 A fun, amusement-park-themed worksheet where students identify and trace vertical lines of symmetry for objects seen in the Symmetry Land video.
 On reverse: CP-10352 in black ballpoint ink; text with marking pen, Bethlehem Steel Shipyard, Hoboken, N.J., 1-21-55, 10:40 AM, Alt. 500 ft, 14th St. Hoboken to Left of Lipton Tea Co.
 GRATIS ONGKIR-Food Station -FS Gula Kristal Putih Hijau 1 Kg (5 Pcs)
==================================================
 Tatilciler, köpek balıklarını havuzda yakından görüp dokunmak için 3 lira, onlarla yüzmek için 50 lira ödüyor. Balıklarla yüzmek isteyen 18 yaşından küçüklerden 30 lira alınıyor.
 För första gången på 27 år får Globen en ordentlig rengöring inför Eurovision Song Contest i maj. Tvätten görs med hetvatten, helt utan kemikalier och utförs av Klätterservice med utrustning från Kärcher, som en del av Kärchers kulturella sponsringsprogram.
==================================================
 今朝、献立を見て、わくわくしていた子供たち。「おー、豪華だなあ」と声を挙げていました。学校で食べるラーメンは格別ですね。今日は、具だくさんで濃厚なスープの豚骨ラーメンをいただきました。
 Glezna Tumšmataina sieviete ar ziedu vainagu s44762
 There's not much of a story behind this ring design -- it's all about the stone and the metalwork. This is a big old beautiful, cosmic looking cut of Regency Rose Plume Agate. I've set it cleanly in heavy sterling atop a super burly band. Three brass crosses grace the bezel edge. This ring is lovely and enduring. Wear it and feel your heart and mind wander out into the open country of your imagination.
==================================================
*Requirement*
The response must hold only the lines above from the line with "A fun, amusement-park-themed" through the line with "GRATIS ONGKIR-Food Station", each copied exactly, both ends kept.

*Exercise answer*
 A fun, amusement-park-themed worksheet where students identify and trace vertical lines of symmetry for objects seen in the Symmetry Land video.
 On reverse: CP-10352 in black ballpoint ink; text with marking pen, Bethlehem Steel Shipyard, Hoboken, N.J., 1-21-55, 10:40 AM, Alt. 500 ft, 14th St. Hoboken to Left of Lipton Tea Co.
 GRATIS ONGKIR-Food Station -FS Gula Kristal Putih Hijau 1 Kg (5 Pcs)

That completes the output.